From the first line of the material through the line that holds "Ολόσωμο καλσόν χωρίς", repeat each line exactly and skip any picture.

--- GIVEN INFORMATION ---

* * * * * * *

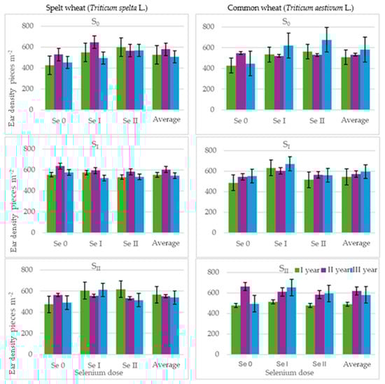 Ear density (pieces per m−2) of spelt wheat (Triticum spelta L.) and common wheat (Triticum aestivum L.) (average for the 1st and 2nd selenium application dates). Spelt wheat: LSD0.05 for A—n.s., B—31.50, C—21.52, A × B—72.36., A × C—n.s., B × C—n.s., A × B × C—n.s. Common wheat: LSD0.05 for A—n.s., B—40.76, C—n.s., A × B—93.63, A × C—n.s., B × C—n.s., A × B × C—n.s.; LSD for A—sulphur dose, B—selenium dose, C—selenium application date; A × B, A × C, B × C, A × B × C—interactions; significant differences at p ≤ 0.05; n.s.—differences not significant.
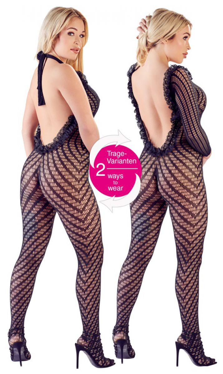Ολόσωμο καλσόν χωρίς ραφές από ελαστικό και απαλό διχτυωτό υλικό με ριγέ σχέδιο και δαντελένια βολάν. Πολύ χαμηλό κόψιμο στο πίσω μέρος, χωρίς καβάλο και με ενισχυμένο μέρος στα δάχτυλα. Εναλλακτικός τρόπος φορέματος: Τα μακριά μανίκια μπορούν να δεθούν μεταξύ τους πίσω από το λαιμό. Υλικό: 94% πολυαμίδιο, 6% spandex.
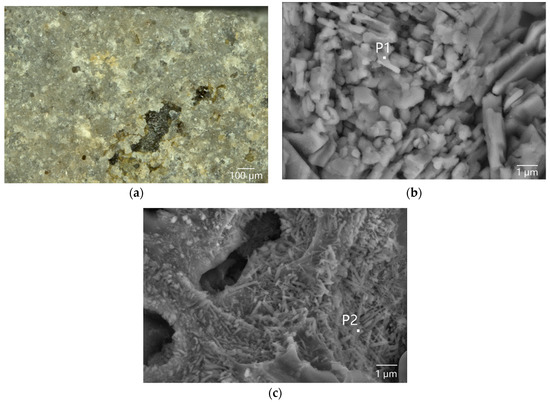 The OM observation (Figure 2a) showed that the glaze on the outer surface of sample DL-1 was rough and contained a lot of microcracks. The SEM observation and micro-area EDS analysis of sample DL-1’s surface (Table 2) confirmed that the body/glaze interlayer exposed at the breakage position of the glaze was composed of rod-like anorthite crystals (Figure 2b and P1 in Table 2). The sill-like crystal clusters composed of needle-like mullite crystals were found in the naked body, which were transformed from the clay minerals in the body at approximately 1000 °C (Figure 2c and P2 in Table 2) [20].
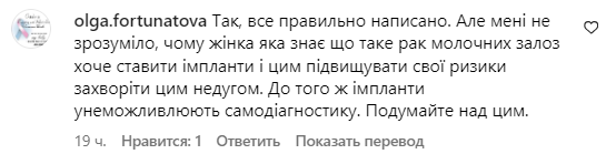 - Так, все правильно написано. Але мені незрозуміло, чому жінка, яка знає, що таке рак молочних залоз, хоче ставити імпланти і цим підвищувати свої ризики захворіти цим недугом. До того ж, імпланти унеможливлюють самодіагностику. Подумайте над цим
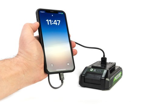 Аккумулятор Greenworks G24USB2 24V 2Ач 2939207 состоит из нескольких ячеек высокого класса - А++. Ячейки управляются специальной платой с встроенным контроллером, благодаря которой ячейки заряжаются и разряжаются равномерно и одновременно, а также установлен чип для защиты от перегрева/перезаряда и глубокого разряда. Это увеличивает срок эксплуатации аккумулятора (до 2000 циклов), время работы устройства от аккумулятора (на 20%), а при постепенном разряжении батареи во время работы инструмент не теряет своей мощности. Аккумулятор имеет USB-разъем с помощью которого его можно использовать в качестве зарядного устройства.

* * * * * * *

--- COMPLETED EXERCISE ---
 Ear density (pieces per m−2) of spelt wheat (Triticum spelta L.) and common wheat (Triticum aestivum L.) (average for the 1st and 2nd selenium application dates). Spelt wheat: LSD0.05 for A—n.s., B—31.50, C—21.52, A × B—72.36., A × C—n.s., B × C—n.s., A × B × C—n.s. Common wheat: LSD0.05 for A—n.s., B—40.76, C—n.s., A × B—93.63, A × C—n.s., B × C—n.s., A × B × C—n.s.; LSD for A—sulphur dose, B—selenium dose, C—selenium application date; A × B, A × C, B × C, A × B × C—interactions; significant differences at p ≤ 0.05; n.s.—differences not significant.
Ολόσωμο καλσόν χωρίς ραφές από ελαστικό και απαλό διχτυωτό υλικό με ριγέ σχέδιο και δαντελένια βολάν. Πολύ χαμηλό κόψιμο στο πίσω μέρος, χωρίς καβάλο και με ενισχυμένο μέρος στα δάχτυλα. Εναλλακτικός τρόπος φορέματος: Τα μακριά μανίκια μπορούν να δεθούν μεταξύ τους πίσω από το λαιμό. Υλικό: 94% πολυαμίδιο, 6% spandex.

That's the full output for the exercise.